----- DATA FOR REVIEW

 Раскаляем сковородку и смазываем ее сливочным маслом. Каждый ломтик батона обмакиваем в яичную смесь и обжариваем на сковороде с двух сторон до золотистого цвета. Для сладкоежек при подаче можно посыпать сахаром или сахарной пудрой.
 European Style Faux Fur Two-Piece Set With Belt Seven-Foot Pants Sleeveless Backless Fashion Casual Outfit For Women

----------
----- DATA FOR REVIEW

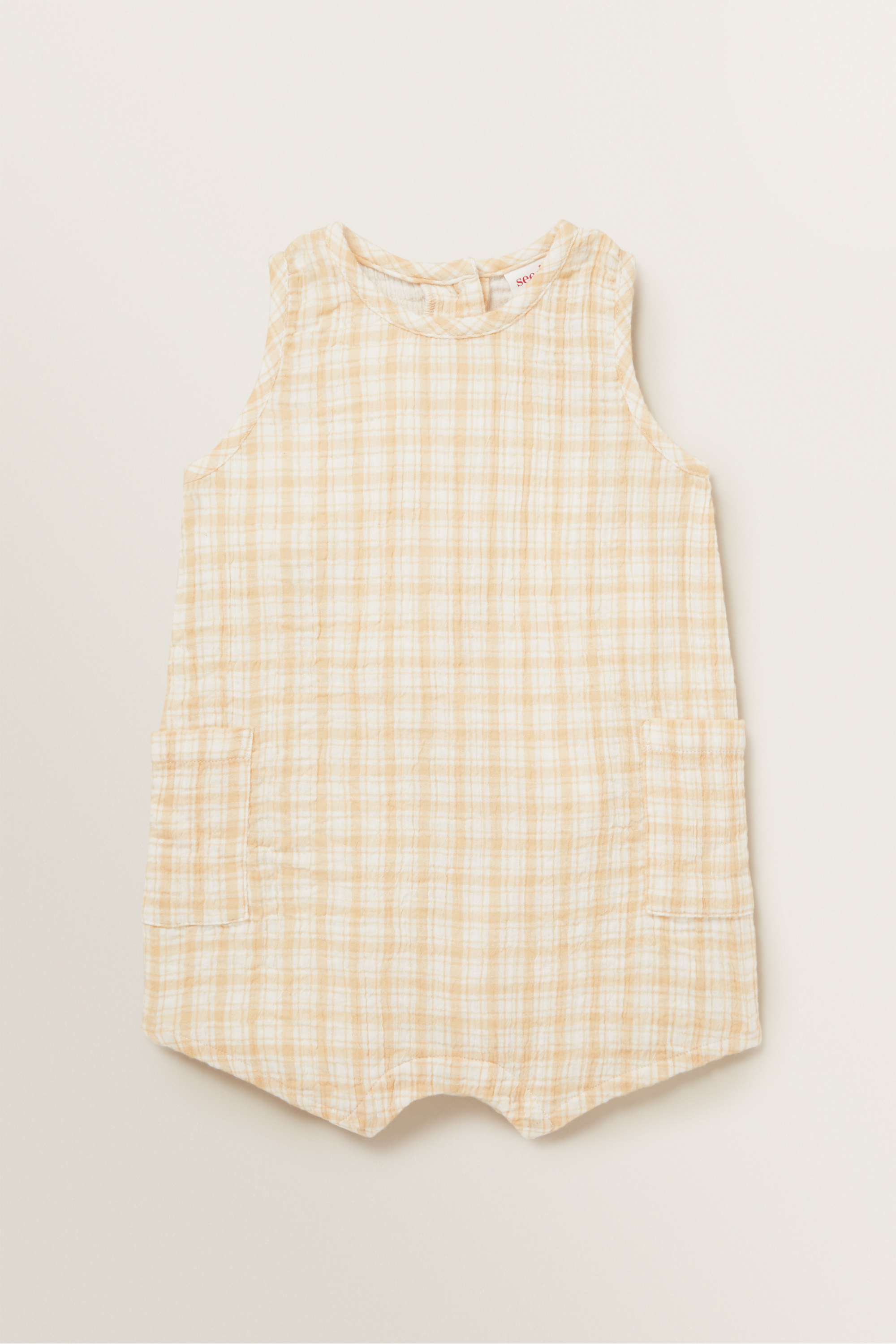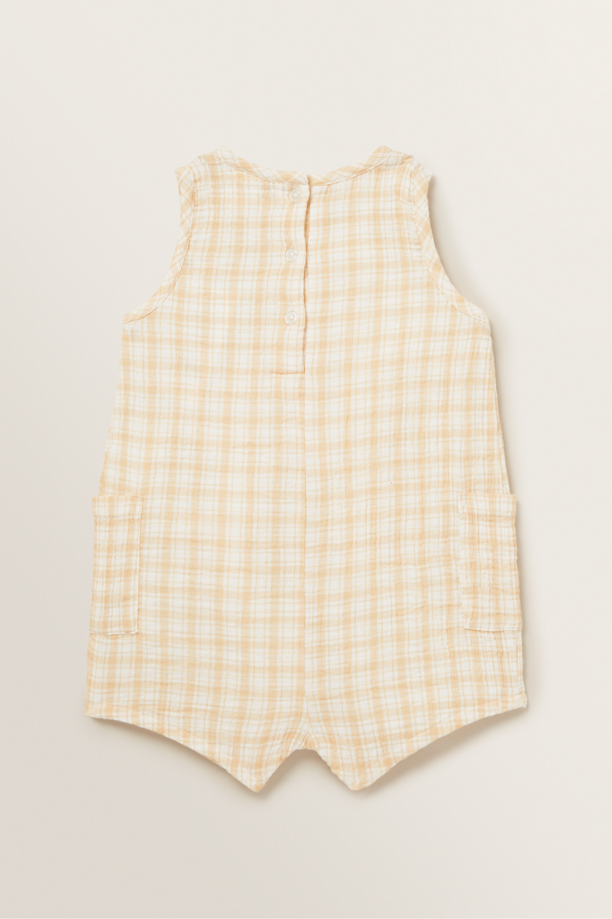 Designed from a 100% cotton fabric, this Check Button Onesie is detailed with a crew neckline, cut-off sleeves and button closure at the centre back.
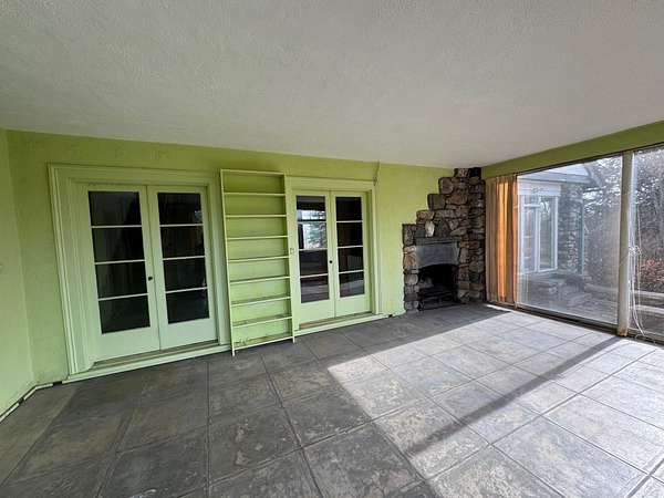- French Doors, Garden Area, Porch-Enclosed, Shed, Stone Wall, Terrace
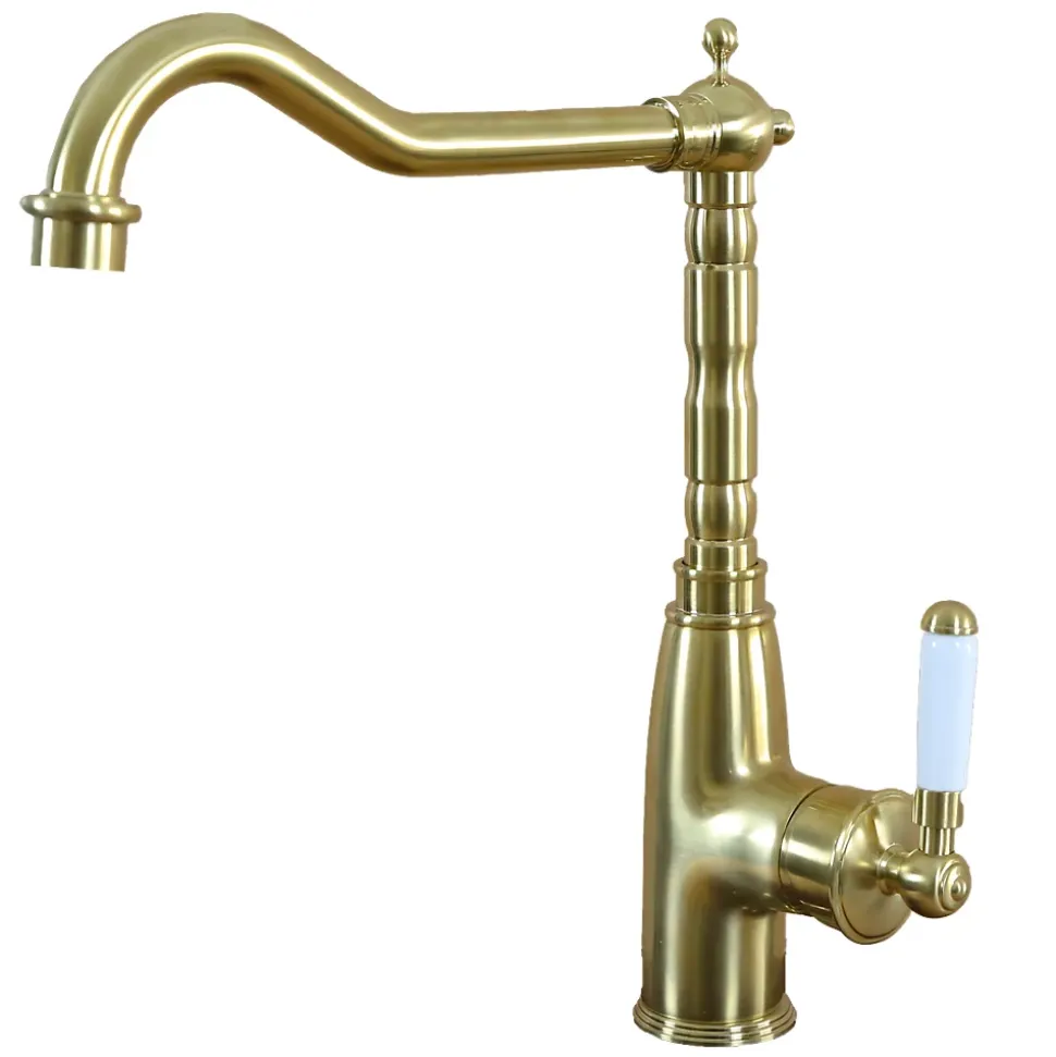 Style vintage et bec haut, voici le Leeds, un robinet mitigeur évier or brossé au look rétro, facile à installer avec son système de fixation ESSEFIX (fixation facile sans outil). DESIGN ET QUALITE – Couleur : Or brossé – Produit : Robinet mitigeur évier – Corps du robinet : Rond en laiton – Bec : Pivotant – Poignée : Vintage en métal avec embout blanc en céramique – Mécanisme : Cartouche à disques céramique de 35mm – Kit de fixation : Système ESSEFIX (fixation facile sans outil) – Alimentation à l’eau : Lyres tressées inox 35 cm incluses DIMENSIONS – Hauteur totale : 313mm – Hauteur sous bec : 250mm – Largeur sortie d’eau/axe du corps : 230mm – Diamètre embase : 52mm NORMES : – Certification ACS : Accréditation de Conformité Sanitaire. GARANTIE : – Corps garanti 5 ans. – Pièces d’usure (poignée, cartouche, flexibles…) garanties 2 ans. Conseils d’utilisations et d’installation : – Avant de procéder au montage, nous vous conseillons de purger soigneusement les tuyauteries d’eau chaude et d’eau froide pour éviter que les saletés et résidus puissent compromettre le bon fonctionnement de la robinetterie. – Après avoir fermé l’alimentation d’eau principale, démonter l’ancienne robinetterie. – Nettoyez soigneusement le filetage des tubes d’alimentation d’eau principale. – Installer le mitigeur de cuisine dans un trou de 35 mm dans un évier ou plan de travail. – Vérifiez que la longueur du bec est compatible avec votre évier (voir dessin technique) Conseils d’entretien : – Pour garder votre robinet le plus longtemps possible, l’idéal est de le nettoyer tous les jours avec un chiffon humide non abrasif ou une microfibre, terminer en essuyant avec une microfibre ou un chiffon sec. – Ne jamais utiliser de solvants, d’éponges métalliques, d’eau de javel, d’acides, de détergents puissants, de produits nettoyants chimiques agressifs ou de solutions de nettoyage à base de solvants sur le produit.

----------

▸ WHAT YOU ARE ASKED TO DO: Word for word, retype the lines in the entries above that run from the one with "Designed from a" through the one with "- French Doors, Garden". Both ends count; pictures do not.

▸ RESPONSE TO THE EXERCISE:
 Designed from a 100% cotton fabric, this Check Button Onesie is detailed with a crew neckline, cut-off sleeves and button closure at the centre back.
- French Doors, Garden Area, Porch-Enclosed, Shed, Stone Wall, Terrace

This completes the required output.